▶ [Directions for this task]:
Return, in their exact form, the lines that lie between the start of the data below and the line containing "日付も変わった深夜2時に淀川", with both ends included.

------ The data ------

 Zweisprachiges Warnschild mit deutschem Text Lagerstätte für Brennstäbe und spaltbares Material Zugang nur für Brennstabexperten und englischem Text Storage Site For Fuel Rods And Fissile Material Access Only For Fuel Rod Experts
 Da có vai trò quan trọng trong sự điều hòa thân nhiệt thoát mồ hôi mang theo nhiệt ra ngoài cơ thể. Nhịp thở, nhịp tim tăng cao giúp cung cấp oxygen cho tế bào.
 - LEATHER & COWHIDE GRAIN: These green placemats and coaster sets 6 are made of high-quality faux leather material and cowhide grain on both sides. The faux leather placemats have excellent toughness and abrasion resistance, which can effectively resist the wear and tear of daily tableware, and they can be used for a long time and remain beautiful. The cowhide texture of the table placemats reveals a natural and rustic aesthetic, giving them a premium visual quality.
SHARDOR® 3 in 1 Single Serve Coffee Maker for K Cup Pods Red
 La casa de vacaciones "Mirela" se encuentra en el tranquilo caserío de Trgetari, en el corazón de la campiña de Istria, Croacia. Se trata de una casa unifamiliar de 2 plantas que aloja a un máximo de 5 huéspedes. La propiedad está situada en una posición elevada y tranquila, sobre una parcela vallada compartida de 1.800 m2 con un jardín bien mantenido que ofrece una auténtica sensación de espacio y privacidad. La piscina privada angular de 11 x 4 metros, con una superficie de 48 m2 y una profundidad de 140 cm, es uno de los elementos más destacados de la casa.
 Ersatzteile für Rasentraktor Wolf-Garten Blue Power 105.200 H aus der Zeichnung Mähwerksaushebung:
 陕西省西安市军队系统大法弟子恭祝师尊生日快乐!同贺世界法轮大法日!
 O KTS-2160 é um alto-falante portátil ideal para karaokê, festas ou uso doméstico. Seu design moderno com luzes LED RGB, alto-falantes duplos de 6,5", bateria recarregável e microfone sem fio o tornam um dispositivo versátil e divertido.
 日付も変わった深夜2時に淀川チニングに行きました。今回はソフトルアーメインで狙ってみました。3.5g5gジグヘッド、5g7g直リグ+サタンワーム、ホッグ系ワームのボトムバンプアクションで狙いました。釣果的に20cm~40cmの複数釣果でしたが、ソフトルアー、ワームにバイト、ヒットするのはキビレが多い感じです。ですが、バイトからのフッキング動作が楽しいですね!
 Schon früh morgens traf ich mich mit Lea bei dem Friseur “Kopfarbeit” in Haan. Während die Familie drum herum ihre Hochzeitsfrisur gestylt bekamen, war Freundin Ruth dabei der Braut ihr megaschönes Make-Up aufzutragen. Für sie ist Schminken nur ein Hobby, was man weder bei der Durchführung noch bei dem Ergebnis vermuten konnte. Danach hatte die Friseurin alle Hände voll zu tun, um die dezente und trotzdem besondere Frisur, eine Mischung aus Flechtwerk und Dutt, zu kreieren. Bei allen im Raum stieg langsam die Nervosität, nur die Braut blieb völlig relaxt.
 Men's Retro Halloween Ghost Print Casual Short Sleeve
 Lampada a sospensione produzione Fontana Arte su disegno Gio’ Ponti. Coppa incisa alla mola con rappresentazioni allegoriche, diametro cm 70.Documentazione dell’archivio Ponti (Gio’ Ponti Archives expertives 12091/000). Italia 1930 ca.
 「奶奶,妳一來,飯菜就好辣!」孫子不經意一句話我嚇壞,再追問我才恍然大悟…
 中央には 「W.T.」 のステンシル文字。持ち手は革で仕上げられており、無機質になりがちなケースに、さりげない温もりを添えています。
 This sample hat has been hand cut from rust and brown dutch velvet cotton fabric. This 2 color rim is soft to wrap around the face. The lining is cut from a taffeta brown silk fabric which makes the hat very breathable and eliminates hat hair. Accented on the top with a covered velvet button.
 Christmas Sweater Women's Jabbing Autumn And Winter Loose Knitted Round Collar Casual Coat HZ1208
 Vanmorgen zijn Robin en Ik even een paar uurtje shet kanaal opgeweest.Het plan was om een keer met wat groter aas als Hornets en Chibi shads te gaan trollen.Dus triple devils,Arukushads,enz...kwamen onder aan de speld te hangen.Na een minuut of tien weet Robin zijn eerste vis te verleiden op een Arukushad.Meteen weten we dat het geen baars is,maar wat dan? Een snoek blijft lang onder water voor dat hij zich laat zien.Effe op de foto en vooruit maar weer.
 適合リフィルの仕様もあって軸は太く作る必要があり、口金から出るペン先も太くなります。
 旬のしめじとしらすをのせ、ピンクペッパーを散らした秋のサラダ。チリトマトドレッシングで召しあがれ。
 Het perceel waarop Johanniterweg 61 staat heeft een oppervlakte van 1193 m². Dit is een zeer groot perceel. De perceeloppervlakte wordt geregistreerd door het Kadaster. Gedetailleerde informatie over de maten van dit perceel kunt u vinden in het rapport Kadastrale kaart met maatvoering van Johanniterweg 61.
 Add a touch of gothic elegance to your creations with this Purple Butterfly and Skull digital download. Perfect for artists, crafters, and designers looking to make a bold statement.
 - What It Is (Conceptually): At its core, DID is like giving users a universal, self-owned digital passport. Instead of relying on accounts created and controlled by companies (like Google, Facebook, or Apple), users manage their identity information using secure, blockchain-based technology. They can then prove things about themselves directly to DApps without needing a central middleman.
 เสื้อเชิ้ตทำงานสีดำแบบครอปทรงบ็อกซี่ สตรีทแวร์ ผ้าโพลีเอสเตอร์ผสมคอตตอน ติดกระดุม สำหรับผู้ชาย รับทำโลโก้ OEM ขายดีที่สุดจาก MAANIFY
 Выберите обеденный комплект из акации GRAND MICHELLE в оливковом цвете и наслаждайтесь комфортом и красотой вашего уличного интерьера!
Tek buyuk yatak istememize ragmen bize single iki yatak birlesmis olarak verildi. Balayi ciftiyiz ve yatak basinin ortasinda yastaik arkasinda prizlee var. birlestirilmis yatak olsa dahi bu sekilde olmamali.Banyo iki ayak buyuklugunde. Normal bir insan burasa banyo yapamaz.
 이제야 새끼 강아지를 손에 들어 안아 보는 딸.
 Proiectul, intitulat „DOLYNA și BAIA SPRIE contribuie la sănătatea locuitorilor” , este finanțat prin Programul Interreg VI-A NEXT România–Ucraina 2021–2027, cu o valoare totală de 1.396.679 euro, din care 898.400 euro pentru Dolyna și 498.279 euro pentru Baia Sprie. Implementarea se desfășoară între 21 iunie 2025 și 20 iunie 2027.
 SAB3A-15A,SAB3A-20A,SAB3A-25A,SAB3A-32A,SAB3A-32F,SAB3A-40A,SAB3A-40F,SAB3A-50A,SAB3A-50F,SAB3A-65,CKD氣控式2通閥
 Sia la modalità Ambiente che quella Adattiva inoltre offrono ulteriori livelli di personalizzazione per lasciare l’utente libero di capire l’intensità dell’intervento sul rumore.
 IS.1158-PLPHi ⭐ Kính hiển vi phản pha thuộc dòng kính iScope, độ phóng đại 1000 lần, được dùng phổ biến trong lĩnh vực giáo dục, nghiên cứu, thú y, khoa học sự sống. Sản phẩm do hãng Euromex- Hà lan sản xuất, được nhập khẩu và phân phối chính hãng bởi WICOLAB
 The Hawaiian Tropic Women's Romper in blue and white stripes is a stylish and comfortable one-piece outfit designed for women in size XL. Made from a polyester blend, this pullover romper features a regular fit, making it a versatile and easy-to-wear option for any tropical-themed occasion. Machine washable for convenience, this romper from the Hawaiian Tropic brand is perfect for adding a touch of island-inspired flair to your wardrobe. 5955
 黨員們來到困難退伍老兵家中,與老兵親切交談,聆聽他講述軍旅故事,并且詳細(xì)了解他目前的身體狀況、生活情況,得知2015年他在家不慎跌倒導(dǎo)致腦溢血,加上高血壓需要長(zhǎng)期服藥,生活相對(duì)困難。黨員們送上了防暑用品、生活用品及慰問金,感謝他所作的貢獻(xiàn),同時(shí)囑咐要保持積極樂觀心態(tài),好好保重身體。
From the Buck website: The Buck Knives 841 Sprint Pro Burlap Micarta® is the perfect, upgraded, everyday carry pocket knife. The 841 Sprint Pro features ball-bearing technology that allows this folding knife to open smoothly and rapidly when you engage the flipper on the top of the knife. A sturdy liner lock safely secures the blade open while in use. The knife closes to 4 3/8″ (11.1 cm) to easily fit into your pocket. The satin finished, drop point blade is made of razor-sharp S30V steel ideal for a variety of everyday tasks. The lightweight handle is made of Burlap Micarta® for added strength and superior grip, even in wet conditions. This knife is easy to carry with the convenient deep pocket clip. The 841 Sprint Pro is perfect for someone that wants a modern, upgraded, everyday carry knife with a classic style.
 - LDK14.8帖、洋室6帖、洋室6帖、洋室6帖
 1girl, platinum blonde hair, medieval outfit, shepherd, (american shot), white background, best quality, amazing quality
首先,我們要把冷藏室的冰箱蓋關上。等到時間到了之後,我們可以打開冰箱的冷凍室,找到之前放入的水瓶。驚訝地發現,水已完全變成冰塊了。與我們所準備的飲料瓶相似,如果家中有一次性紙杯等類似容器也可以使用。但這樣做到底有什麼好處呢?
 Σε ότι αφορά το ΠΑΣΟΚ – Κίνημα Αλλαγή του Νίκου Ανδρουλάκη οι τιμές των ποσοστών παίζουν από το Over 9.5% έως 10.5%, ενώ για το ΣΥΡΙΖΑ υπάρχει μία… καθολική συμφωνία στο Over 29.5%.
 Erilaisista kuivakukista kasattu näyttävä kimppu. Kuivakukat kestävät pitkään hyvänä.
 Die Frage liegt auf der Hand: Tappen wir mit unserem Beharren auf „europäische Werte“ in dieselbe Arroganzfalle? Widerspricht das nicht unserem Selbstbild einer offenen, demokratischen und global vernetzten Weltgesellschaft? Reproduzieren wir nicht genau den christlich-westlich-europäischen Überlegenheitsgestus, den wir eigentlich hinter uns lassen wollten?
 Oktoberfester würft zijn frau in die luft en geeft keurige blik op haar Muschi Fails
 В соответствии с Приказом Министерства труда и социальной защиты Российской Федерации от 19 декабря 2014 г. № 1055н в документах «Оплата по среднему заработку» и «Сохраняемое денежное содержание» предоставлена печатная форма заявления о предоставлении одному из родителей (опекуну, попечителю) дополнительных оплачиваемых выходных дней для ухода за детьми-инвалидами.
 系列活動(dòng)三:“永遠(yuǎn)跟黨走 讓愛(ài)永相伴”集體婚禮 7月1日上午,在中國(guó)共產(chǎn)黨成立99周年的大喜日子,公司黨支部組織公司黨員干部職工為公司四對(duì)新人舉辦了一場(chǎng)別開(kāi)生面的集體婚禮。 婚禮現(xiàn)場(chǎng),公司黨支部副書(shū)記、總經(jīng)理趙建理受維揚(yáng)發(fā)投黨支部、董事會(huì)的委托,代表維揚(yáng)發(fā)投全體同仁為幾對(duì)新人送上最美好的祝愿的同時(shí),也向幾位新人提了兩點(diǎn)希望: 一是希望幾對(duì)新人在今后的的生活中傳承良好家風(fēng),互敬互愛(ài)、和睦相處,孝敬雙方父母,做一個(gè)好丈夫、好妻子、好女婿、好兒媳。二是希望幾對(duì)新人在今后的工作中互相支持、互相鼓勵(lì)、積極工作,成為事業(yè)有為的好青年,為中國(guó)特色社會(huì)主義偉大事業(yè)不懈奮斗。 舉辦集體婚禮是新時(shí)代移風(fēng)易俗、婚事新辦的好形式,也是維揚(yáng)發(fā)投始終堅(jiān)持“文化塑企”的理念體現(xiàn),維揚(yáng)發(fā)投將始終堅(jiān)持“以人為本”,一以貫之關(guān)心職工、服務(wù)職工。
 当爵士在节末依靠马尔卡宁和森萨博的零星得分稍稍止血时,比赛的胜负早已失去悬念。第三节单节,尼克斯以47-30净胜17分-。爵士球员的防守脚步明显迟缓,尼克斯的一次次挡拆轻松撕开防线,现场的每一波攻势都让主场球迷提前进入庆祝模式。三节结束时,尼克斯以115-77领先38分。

------

▶ [Expected output]:
 Zweisprachiges Warnschild mit deutschem Text Lagerstätte für Brennstäbe und spaltbares Material Zugang nur für Brennstabexperten und englischem Text Storage Site For Fuel Rods And Fissile Material Access Only For Fuel Rod Experts
 Da có vai trò quan trọng trong sự điều hòa thân nhiệt thoát mồ hôi mang theo nhiệt ra ngoài cơ thể. Nhịp thở, nhịp tim tăng cao giúp cung cấp oxygen cho tế bào.
 - LEATHER & COWHIDE GRAIN: These green placemats and coaster sets 6 are made of high-quality faux leather material and cowhide grain on both sides. The faux leather placemats have excellent toughness and abrasion resistance, which can effectively resist the wear and tear of daily tableware, and they can be used for a long time and remain beautiful. The cowhide texture of the table placemats reveals a natural and rustic aesthetic, giving them a premium visual quality.
SHARDOR® 3 in 1 Single Serve Coffee Maker for K Cup Pods Red
 La casa de vacaciones "Mirela" se encuentra en el tranquilo caserío de Trgetari, en el corazón de la campiña de Istria, Croacia. Se trata de una casa unifamiliar de 2 plantas que aloja a un máximo de 5 huéspedes. La propiedad está situada en una posición elevada y tranquila, sobre una parcela vallada compartida de 1.800 m2 con un jardín bien mantenido que ofrece una auténtica sensación de espacio y privacidad. La piscina privada angular de 11 x 4 metros, con una superficie de 48 m2 y una profundidad de 140 cm, es uno de los elementos más destacados de la casa.
 Ersatzteile für Rasentraktor Wolf-Garten Blue Power 105.200 H aus der Zeichnung Mähwerksaushebung:
 陕西省西安市军队系统大法弟子恭祝师尊生日快乐!同贺世界法轮大法日!
 O KTS-2160 é um alto-falante portátil ideal para karaokê, festas ou uso doméstico. Seu design moderno com luzes LED RGB, alto-falantes duplos de 6,5", bateria recarregável e microfone sem fio o tornam um dispositivo versátil e divertido.
 日付も変わった深夜2時に淀川チニングに行きました。今回はソフトルアーメインで狙ってみました。3.5g5gジグヘッド、5g7g直リグ+サタンワーム、ホッグ系ワームのボトムバンプアクションで狙いました。釣果的に20cm~40cmの複数釣果でしたが、ソフトルアー、ワームにバイト、ヒットするのはキビレが多い感じです。ですが、バイトからのフッキング動作が楽しいですね!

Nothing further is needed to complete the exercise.